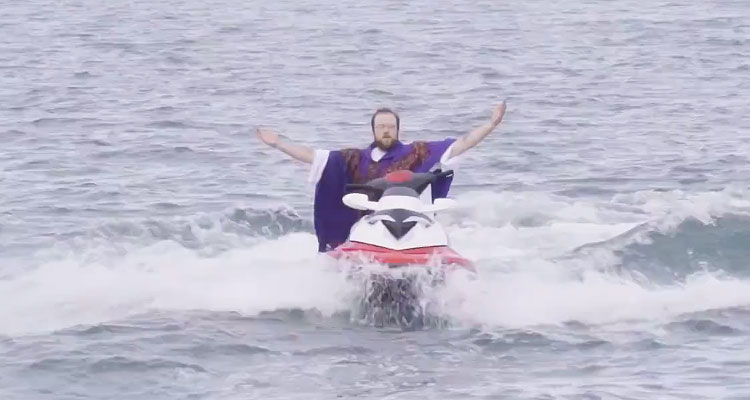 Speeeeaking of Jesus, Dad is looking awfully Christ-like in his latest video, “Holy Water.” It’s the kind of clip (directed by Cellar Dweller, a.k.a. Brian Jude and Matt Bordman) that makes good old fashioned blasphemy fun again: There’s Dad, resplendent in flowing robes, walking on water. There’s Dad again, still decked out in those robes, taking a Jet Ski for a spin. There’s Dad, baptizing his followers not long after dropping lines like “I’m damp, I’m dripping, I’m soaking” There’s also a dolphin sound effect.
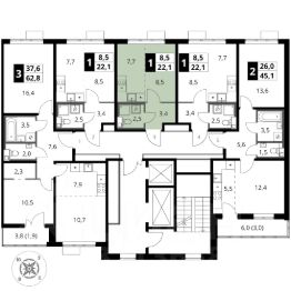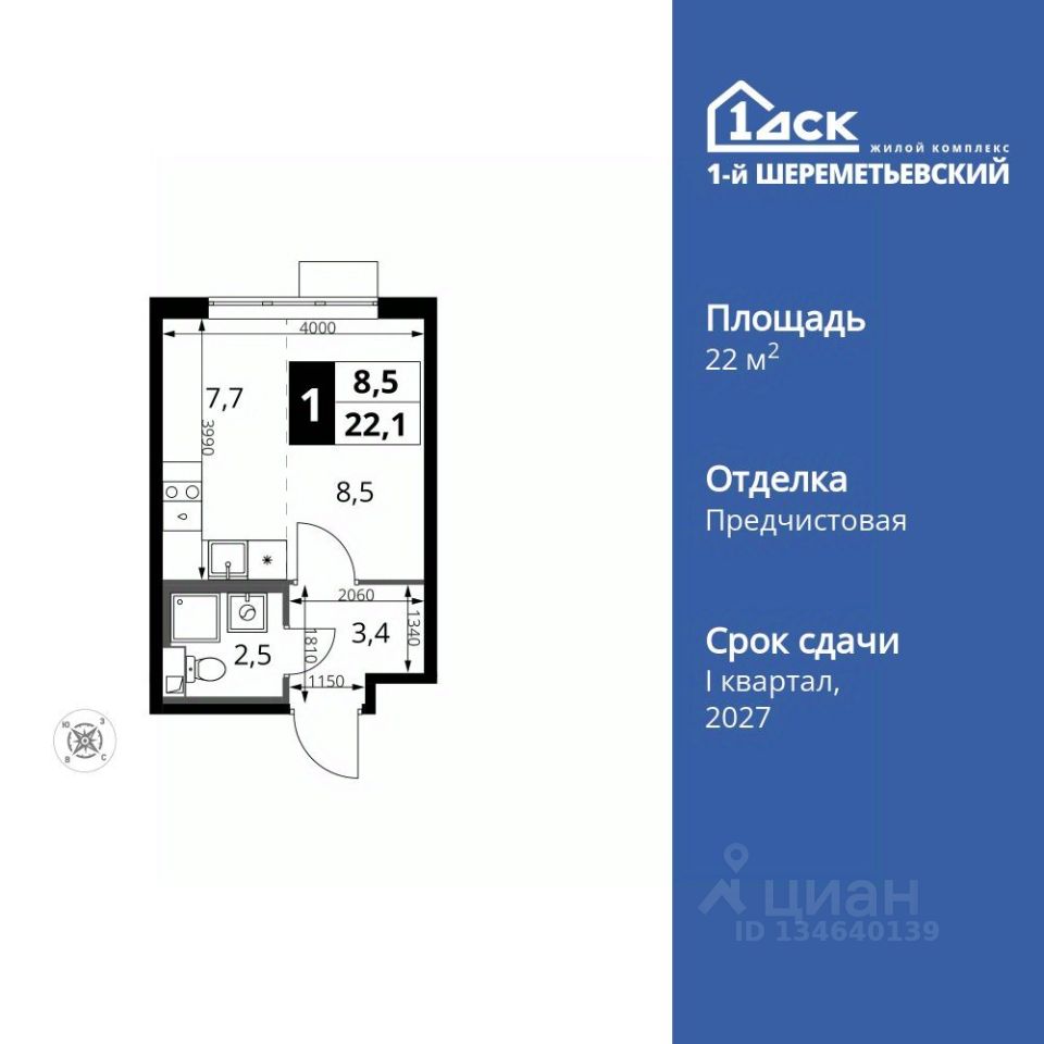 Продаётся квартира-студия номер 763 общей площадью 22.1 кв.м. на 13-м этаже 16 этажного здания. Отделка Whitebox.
...
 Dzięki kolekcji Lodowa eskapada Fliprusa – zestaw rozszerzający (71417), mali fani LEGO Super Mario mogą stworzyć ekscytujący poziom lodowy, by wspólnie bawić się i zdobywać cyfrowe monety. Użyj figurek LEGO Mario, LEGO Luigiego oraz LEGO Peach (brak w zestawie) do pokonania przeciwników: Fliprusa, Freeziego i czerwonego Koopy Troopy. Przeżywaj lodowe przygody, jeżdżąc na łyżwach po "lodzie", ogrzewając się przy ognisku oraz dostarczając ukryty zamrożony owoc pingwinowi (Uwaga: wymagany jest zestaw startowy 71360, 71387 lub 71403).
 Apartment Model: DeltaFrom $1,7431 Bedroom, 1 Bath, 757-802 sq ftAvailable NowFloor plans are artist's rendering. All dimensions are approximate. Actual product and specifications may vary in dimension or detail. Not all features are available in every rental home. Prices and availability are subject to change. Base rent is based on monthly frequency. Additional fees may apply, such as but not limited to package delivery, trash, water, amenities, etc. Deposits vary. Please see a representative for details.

PROBLEM REQUIREMENTS.
I would like the exact lines from the data above, starting with the one that holds "Speeeeaking of Jesus, Dad" and going on through the one that holds "Продаётся квартира-студия номер", without the pictures.

RESPONSE.
 Speeeeaking of Jesus, Dad is looking awfully Christ-like in his latest video, “Holy Water.” It’s the kind of clip (directed by Cellar Dweller, a.k.a. Brian Jude and Matt Bordman) that makes good old fashioned blasphemy fun again: There’s Dad, resplendent in flowing robes, walking on water. There’s Dad again, still decked out in those robes, taking a Jet Ski for a spin. There’s Dad, baptizing his followers not long after dropping lines like “I’m damp, I’m dripping, I’m soaking” There’s also a dolphin sound effect.
 Продаётся квартира-студия номер 763 общей площадью 22.1 кв.м. на 13-м этаже 16 этажного здания. Отделка Whitebox.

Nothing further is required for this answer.